- _THE PROBLEM_
Which lines belong in your copy? Those from the start of the data through the line with "เป็นเจลลี่ที่ท", exactly as written, without any pictures.

- _RECORDS FOR THE EXERCISE_
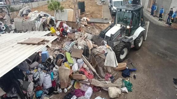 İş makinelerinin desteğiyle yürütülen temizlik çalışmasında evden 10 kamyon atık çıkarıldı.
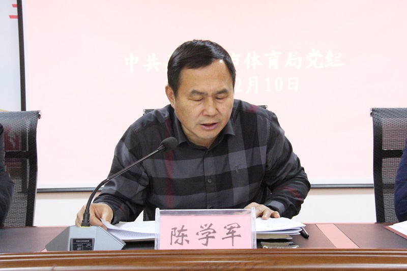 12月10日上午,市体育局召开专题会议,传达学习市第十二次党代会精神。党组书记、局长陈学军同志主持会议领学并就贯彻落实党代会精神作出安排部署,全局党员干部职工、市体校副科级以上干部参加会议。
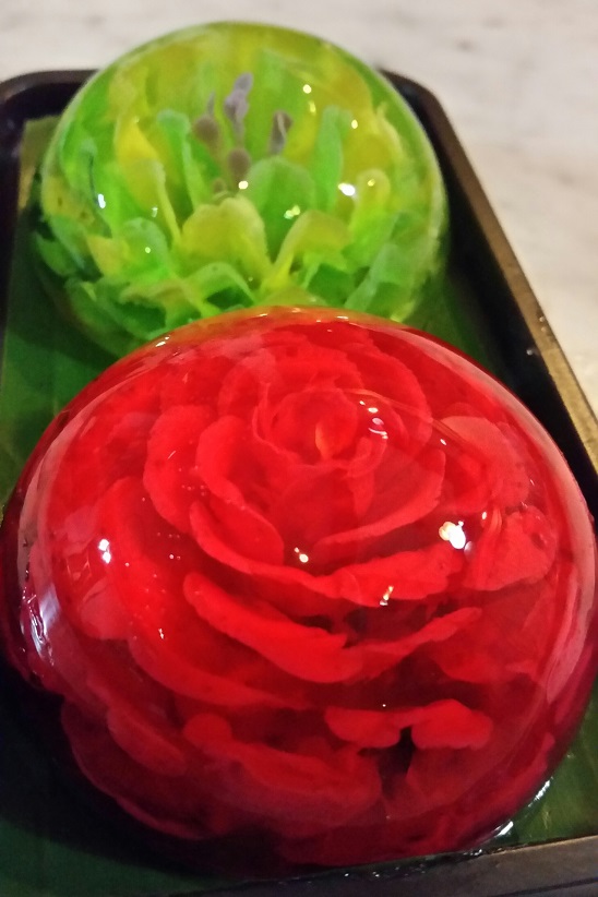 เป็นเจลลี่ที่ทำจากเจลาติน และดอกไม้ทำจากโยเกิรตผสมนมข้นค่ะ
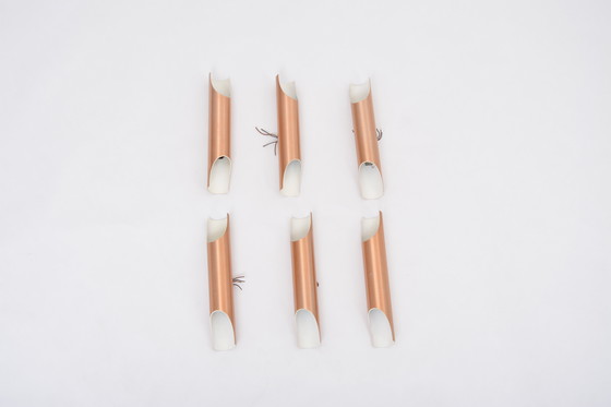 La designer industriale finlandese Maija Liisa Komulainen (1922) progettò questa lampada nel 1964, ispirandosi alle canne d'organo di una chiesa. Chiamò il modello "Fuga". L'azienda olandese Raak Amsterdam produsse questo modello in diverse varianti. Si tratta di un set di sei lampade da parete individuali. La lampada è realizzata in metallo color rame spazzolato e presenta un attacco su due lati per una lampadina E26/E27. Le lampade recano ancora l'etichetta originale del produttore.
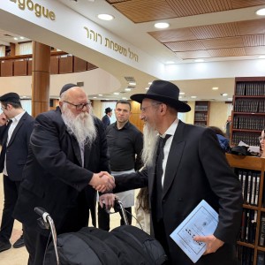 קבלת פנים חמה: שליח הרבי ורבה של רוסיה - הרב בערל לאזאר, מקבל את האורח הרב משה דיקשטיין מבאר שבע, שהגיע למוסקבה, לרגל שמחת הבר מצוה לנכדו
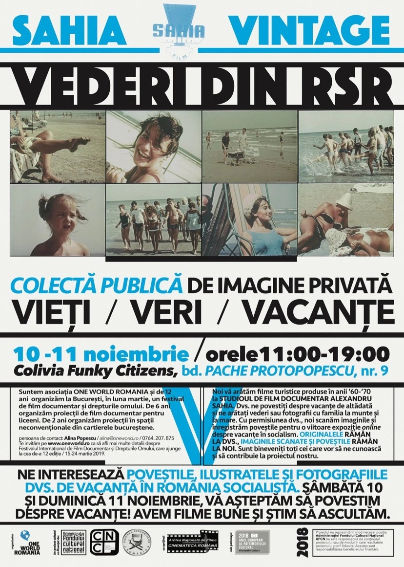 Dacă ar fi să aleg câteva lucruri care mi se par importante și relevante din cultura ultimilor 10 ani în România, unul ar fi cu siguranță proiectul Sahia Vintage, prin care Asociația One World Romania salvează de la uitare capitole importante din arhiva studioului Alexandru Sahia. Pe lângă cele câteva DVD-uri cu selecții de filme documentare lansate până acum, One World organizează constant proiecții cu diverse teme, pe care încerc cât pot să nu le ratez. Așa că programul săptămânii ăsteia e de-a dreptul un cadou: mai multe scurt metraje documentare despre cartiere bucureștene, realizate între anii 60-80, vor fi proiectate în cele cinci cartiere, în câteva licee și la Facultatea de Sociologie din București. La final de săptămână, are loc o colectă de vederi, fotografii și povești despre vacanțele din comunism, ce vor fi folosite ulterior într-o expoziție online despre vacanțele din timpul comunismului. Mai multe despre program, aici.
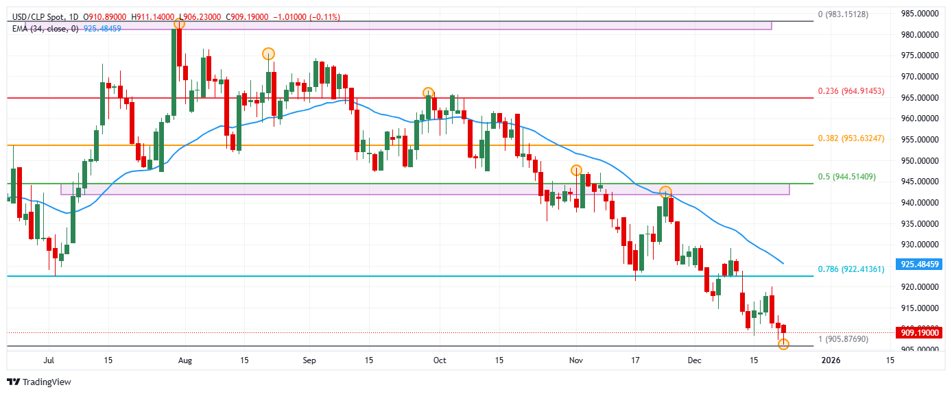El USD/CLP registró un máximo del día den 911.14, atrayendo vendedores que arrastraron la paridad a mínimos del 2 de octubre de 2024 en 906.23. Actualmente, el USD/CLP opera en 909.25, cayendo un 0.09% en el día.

- _PROBLEM SOLUTION_
 İş makinelerinin desteğiyle yürütülen temizlik çalışmasında evden 10 kamyon atık çıkarıldı.
 12月10日上午,市体育局召开专题会议,传达学习市第十二次党代会精神。党组书记、局长陈学军同志主持会议领学并就贯彻落实党代会精神作出安排部署,全局党员干部职工、市体校副科级以上干部参加会议。
 เป็นเจลลี่ที่ทำจากเจลาติน และดอกไม้ทำจากโยเกิรตผสมนมข้นค่ะ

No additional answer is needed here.